## Data excerpts

======

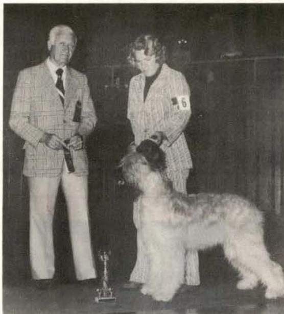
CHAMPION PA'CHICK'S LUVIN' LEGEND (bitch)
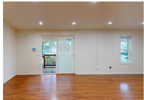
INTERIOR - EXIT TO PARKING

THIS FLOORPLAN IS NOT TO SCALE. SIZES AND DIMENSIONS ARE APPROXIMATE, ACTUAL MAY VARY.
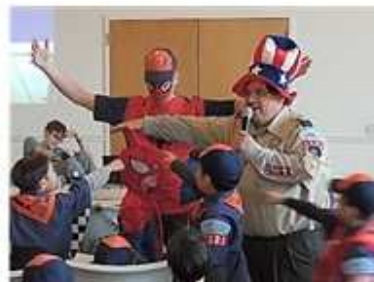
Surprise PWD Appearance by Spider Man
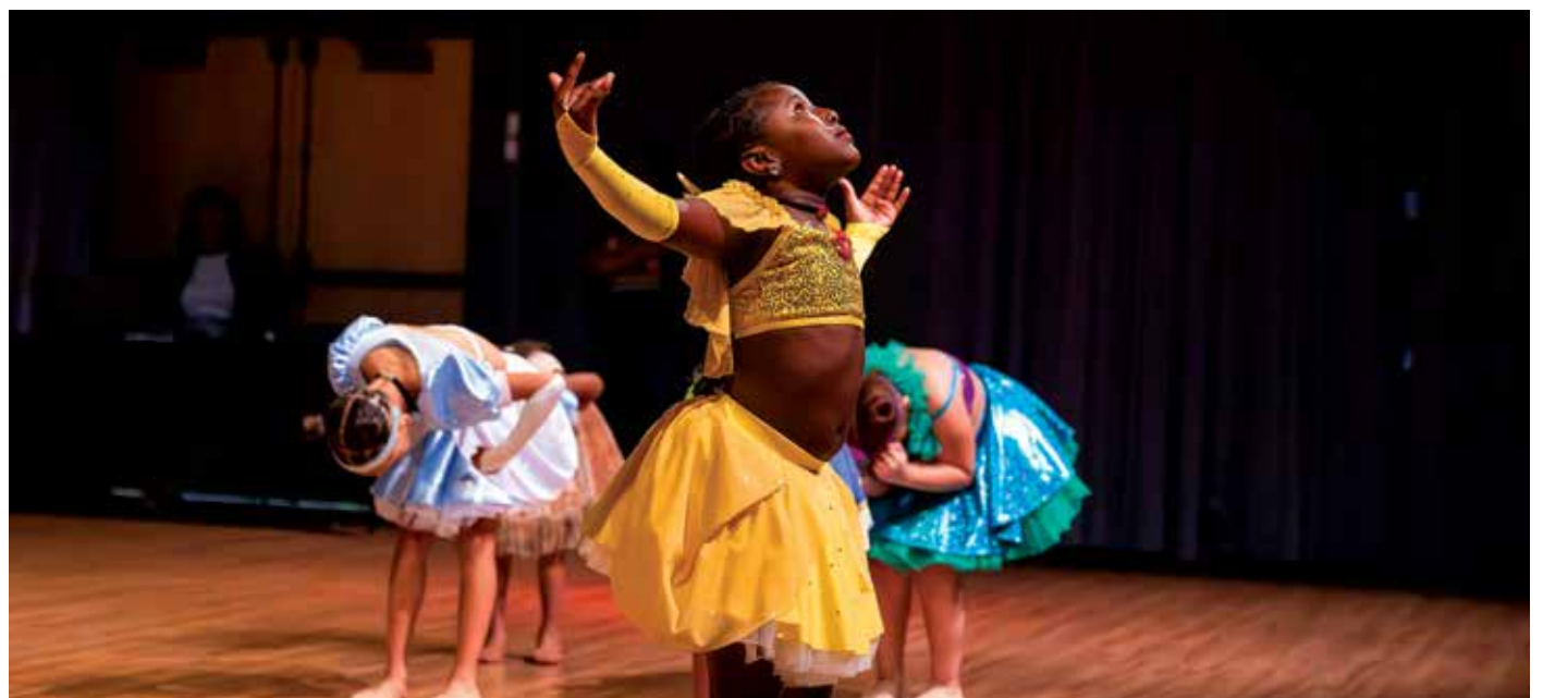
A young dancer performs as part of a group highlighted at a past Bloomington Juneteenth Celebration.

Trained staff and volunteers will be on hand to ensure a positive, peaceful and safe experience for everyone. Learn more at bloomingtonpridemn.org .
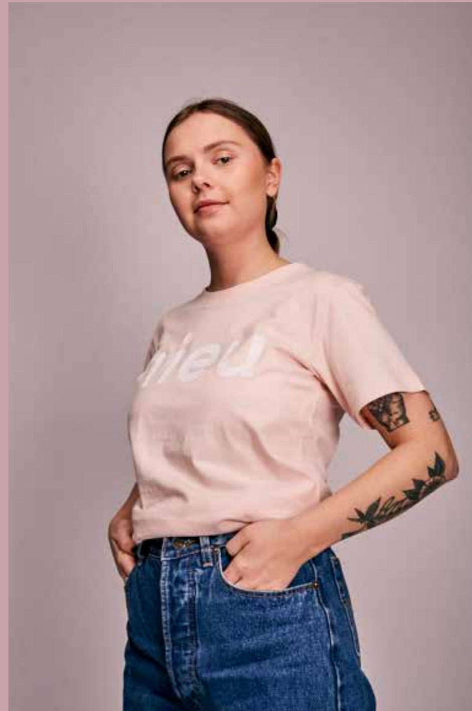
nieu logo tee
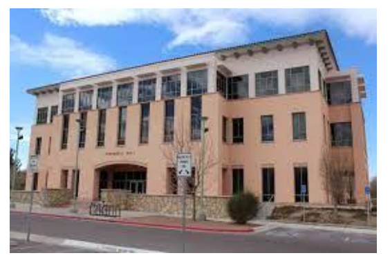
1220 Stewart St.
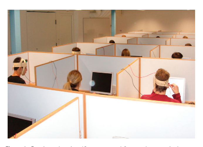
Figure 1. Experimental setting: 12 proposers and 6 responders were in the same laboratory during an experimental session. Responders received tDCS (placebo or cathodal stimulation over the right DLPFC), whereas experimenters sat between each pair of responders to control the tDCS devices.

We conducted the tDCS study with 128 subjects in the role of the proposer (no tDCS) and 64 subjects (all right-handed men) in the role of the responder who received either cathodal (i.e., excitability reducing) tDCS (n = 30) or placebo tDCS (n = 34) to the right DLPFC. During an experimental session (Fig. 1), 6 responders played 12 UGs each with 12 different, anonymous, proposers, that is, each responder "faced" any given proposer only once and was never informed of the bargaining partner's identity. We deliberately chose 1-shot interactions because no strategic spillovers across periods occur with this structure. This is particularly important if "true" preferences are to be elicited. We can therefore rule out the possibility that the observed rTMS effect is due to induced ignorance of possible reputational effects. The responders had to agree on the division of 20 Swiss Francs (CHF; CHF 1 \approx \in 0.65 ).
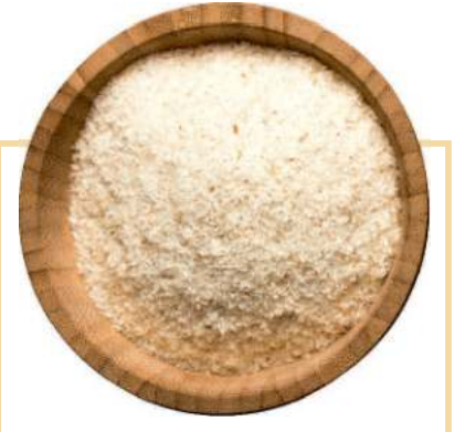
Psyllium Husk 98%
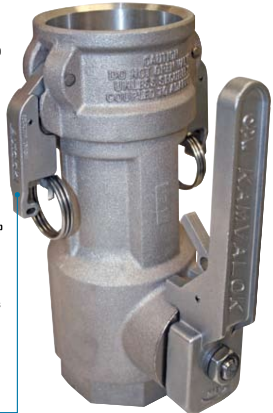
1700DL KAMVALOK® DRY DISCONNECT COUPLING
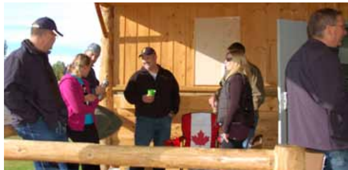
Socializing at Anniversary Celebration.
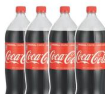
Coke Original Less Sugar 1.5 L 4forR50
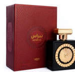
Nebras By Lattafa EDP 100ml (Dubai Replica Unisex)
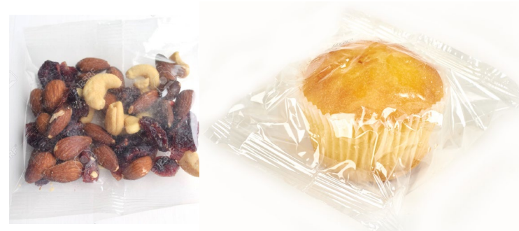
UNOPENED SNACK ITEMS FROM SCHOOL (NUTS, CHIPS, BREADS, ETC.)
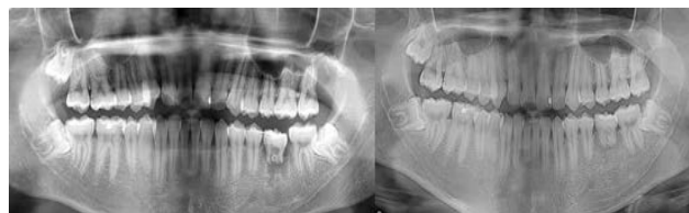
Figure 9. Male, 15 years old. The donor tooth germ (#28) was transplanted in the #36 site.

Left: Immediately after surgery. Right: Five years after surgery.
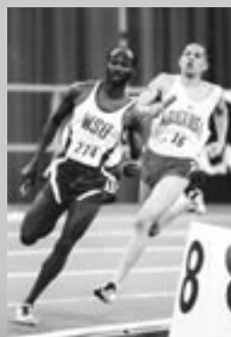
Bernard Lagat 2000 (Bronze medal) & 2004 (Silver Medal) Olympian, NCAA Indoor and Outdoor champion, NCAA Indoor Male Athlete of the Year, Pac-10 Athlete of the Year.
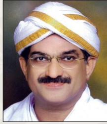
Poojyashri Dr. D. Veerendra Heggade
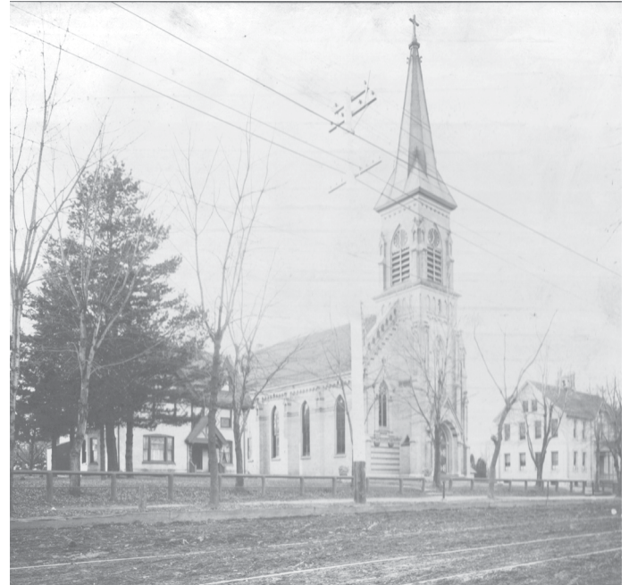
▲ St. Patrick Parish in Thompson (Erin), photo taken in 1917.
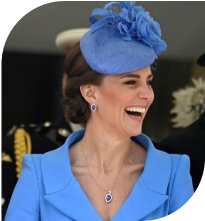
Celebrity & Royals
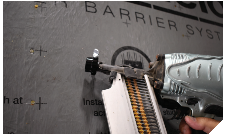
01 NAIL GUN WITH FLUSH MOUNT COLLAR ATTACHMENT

======

## Description of the task
Verbatim copy with pictures excluded: write out the records above in full.

## Written answer
CHAMPION PA'CHICK'S LUVIN' LEGEND (bitch)
INTERIOR - EXIT TO PARKING

THIS FLOORPLAN IS NOT TO SCALE. SIZES AND DIMENSIONS ARE APPROXIMATE, ACTUAL MAY VARY.
Surprise PWD Appearance by Spider Man
A young dancer performs as part of a group highlighted at a past Bloomington Juneteenth Celebration.

Trained staff and volunteers will be on hand to ensure a positive, peaceful and safe experience for everyone. Learn more at bloomingtonpridemn.org .
nieu logo tee
1220 Stewart St.
Figure 1. Experimental setting: 12 proposers and 6 responders were in the same laboratory during an experimental session. Responders received tDCS (placebo or cathodal stimulation over the right DLPFC), whereas experimenters sat between each pair of responders to control the tDCS devices.

We conducted the tDCS study with 128 subjects in the role of the proposer (no tDCS) and 64 subjects (all right-handed men) in the role of the responder who received either cathodal (i.e., excitability reducing) tDCS (n = 30) or placebo tDCS (n = 34) to the right DLPFC. During an experimental session (Fig. 1), 6 responders played 12 UGs each with 12 different, anonymous, proposers, that is, each responder "faced" any given proposer only once and was never informed of the bargaining partner's identity. We deliberately chose 1-shot interactions because no strategic spillovers across periods occur with this structure. This is particularly important if "true" preferences are to be elicited. We can therefore rule out the possibility that the observed rTMS effect is due to induced ignorance of possible reputational effects. The responders had to agree on the division of 20 Swiss Francs (CHF; CHF 1 \approx \in 0.65 ).
Psyllium Husk 98%
1700DL KAMVALOK® DRY DISCONNECT COUPLING
Socializing at Anniversary Celebration.
Coke Original Less Sugar 1.5 L 4forR50
Nebras By Lattafa EDP 100ml (Dubai Replica Unisex)
UNOPENED SNACK ITEMS FROM SCHOOL (NUTS, CHIPS, BREADS, ETC.)
Figure 9. Male, 15 years old. The donor tooth germ (#28) was transplanted in the #36 site.

Left: Immediately after surgery. Right: Five years after surgery.
Bernard Lagat 2000 (Bronze medal) & 2004 (Silver Medal) Olympian, NCAA Indoor and Outdoor champion, NCAA Indoor Male Athlete of the Year, Pac-10 Athlete of the Year.
Poojyashri Dr. D. Veerendra Heggade
▲ St. Patrick Parish in Thompson (Erin), photo taken in 1917.
Celebrity & Royals
01 NAIL GUN WITH FLUSH MOUNT COLLAR ATTACHMENT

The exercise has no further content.